Отсутствие опыта совместного обучения сказывалось. На одной из первых лекций по начертательной геометрии сокурсница повернулась к Виктору, сообщила, что ничего не понимает, и поинтересовалась, понимает ли он. Виктор ответил знаменитой Бендеровской фразой: «Иди, иди лошадь. Не твоего ума это дело». К несчастью, девушка не была знакома с классикой, и эту фразу приняла на свой счет. Это привело к тому, что, несмотря на наши пояснения и извинения, она не разговаривала с Виктором до конца института.

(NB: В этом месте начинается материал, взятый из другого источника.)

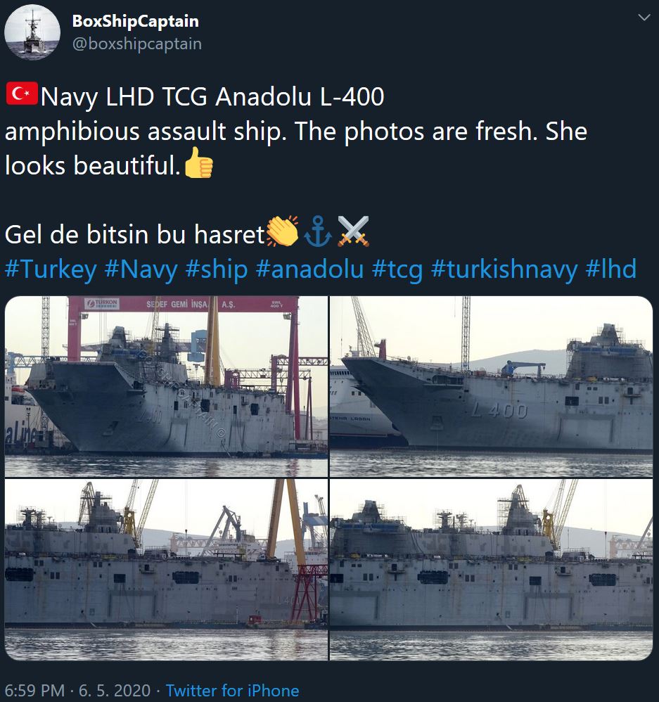 Stav prác na výstavbe Tureckej lode TCG Anadolu, L-400, plánovaného nosiča aj lietadiel rodiny F-35:

Лекции по начертательной геометрии, несмотря на всю серьезность предмета, мы воспринимали как интересное шоу. Читал нам сам заведующий кафедрой, блестящий начертальщик Стефан Митрофанович Колотов. Здесь все происходило необычно. После звонка открывалась дверь и появлялись доцент Янушевский, тоже известный начертальщик, а с ним один из аспирантов кафедры. Они проходили аудиторию и садились за последний стол. Минут через 5–7 появлялся сам Стефан Митрофанович в массивном пальто с меховым шалевым воротником и зимней шапке. Янушевский и аспирант мчались через всю аудиторию, помогали ему раздеться и возвращались назад.

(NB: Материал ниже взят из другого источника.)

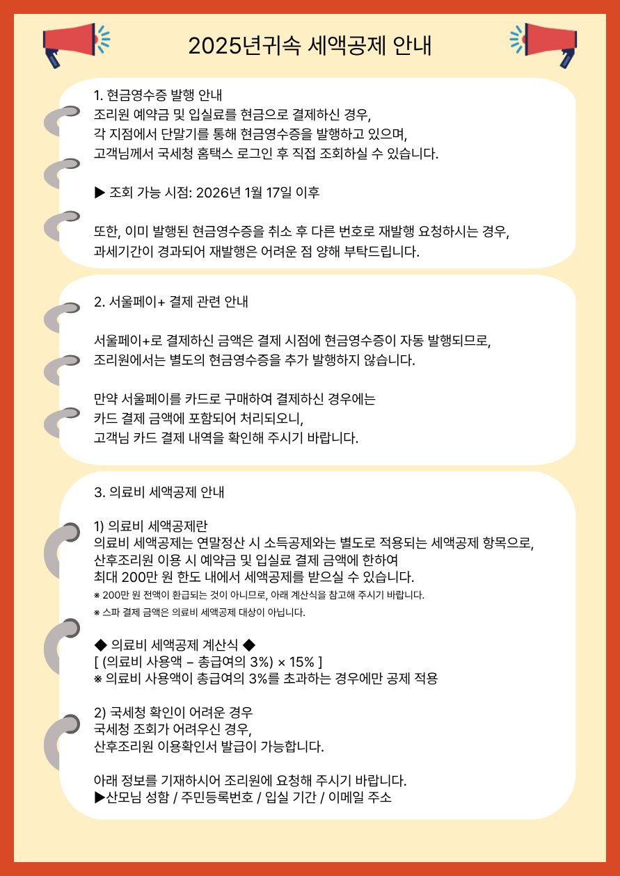 조리원 산전 스파 서비스 방문시 방역패스 안내입니다.

Колотов рисовал на доске какую-нибудь заковыристую задачу и начинал ее раскручивать. Минут через двадцать он говорил, что хочет немного передохнуть, и просил продолжить Янушевского. К этому времени задача уже несколько запутывалась. Еще минут через двадцать к нему на помощь отправлялся аспирант. После этого к доске выползали те, кого считали более-менее разбирающимися в этой красивой науке: Володя, Женя и ваш покорный слуга, а также виновник торжества Колотов. Пара шла без перерыва. В конце концов у доски оказывалось человек семь. Говорили все одновременно. Сражение за мел было нешуточным. Напряжение достигало предела. Момент был критическим. И в этот момент в группе мыслителей раздавался не совсем приличный звук (очевидно, как следствие умственного перенапряжения). Студенты уверяли, что знают, кто был его автором, но прямых доказательств не было.